- Task directions:
A word-for-word copy of the following listing is needed. Leave out its images.

- Given data:
■ ■ ■ ■ ■ ■ ■
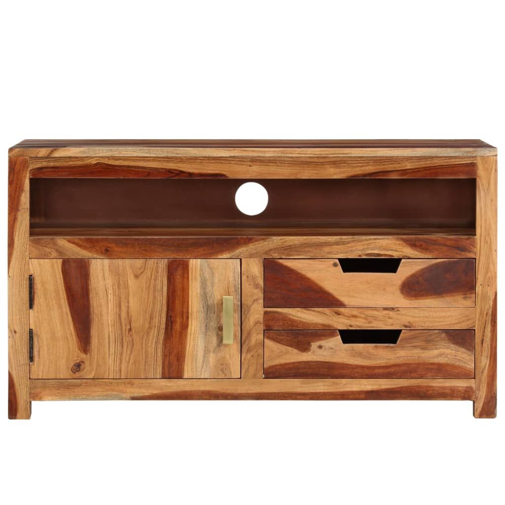 $210.13This stylish wooden TV cabinet with a unique design will make a timeless addition to your living room or entertainment area. It can be used as a TV stand, hifi cabinet, or lowboard. Premium material: Solid acacia wood is a beautiful natural material. Treat the surface with oil, wax, lacquer, or a glazing finish for a stronger surface and easy cleaning. Acacia wood is a tropical hardwood, which is dense, sturdy, and durable.Decorating function: The beautiful wood grains make each of our TV cabinets unique and slightly different from the others. Storing function: This TV stand with 1 door, 1 shelf and 2 drawers provides ample space for keeping your DVD player, game console, streaming device, media carriers, etc. neatly organised.
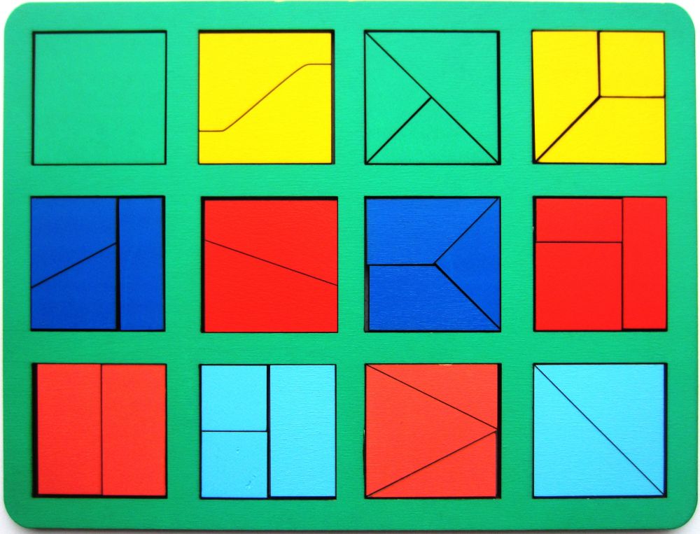 В набор входит: планшет с выемками для квадратов (31,5*24см) и 12 разрезных квадратов (6*6см)
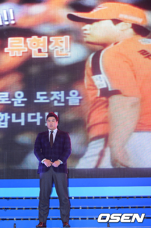 5일 오후 대전 한밭 종합운동장 내 한밭 체육관에서 진행된 '류현진 MLB 진출 기념 환송회'를 마친 뒤 류현진이 포토타임을 갖고 있다.
■ ■ ■ ■ ■ ■ ■
- Result of this exercise:
 $210.13This stylish wooden TV cabinet with a unique design will make a timeless addition to your living room or entertainment area. It can be used as a TV stand, hifi cabinet, or lowboard. Premium material: Solid acacia wood is a beautiful natural material. Treat the surface with oil, wax, lacquer, or a glazing finish for a stronger surface and easy cleaning. Acacia wood is a tropical hardwood, which is dense, sturdy, and durable.Decorating function: The beautiful wood grains make each of our TV cabinets unique and slightly different from the others. Storing function: This TV stand with 1 door, 1 shelf and 2 drawers provides ample space for keeping your DVD player, game console, streaming device, media carriers, etc. neatly organised.
 В набор входит: планшет с выемками для квадратов (31,5*24см) и 12 разрезных квадратов (6*6см)
 5일 오후 대전 한밭 종합운동장 내 한밭 체육관에서 진행된 '류현진 MLB 진출 기념 환송회'를 마친 뒤 류현진이 포토타임을 갖고 있다.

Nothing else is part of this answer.